1、map Conversion data —— Conversion operation
Belong to : Conversion operation
map Is a kind of basic RDD Conversion operation , Is used to RDD Each data element in the is passed through Some kind of function Transform and generate a new RDD, But not immediately .
because RDD Is read-only 、 Immutable , Therefore, after modification , It is bound to generate new RDD
eg: take 5 Data are squared
val data=sc.parallelize(List(1,2,4,6))
val now_data=data.map(x=>x*x)
now_data.collect

2、flatMap Conversion data —— Conversion operation
Belong to : Conversion operation
flatMap Carry out map, Proceed again flat( Flattening )

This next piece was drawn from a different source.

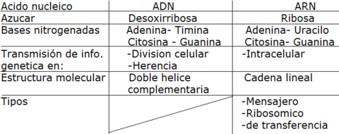 | ARN Mensajero | -Funcion: portar un mensaje en codigo que determinado los aminoacidos de la proteina a formar copiando las secuencias de nucleotidos codificadas en el ADN (dentro del nucleo) |
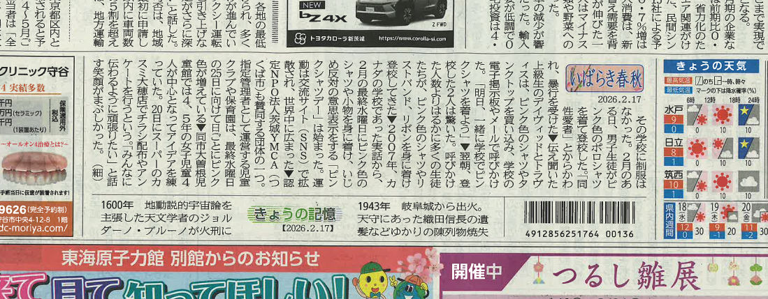 ピンクシャツデーの取り組みを、茨城新聞の新聞コラム「いばらき春秋」に取り上げていただきました。

eg: Do sentence segmentation
val data=sc.parallelize(List("hello i am jacky","I like spark"))
data.collect
// Be careful :map and flatMap The difference between
data.map(x=>x.split(" ")).collect
data.flatMap(x=>x.split(" ")).collect

3、sortBy Sort —— Conversion operation
Belong to : Conversion operation
sortBy() Yes 3 Parameters
- The first argument is a function f:(T)=>K, On the left is each element in the object to be sorted , On the right is the returned value, which is the value to be sorted in the element
- The second parameter is ascending, The default is true It's in ascending order ,false For the descending order
- The third parameter is numPartitions Partition number , This parameter determines the sort order RDD The number of partitions .

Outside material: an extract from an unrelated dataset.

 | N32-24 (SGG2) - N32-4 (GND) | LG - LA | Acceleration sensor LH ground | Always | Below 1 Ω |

- Be careful : By default, the number of partitions after sorting is the same as that before sorting , namely this.partitions.size
eg: For the first element in the list , Sort in ascending order
val data=sc.parallelize(List((1,3),(5,4),(2,6)))
val sortData=data.sortBy(x=>x._1,true,2).collect

4、collect() Inquire about —— Action operations ( Return type : Array )
Belong to : Action operations
return : Array
collect() hold RDD All elements are converted to Array And back to Driver In the middle , Suitable for Small data set,
Be careful : If the data set used to view is large ,Driver Will load data into memory , It can lead to Driver End memory overflow .
Method 1 :
Go straight back to RDD All elements in , The return type is numeric
Code :
val data=sc.parallelize(List(1,23,4))
data.collect
result :
scala> val data=sc.parallelize(List(1,23,4))
data: org.apache.spark.rdd.RDD[Int] = ParallelCollectionRDD[28] at parallelize at <console>:24
scala> data.collect
res25: Array[Int] = Array(1, 23, 4)
Method 2 :collect[U:ClassTag](f:PartialFunction[T,U]):RDD[U]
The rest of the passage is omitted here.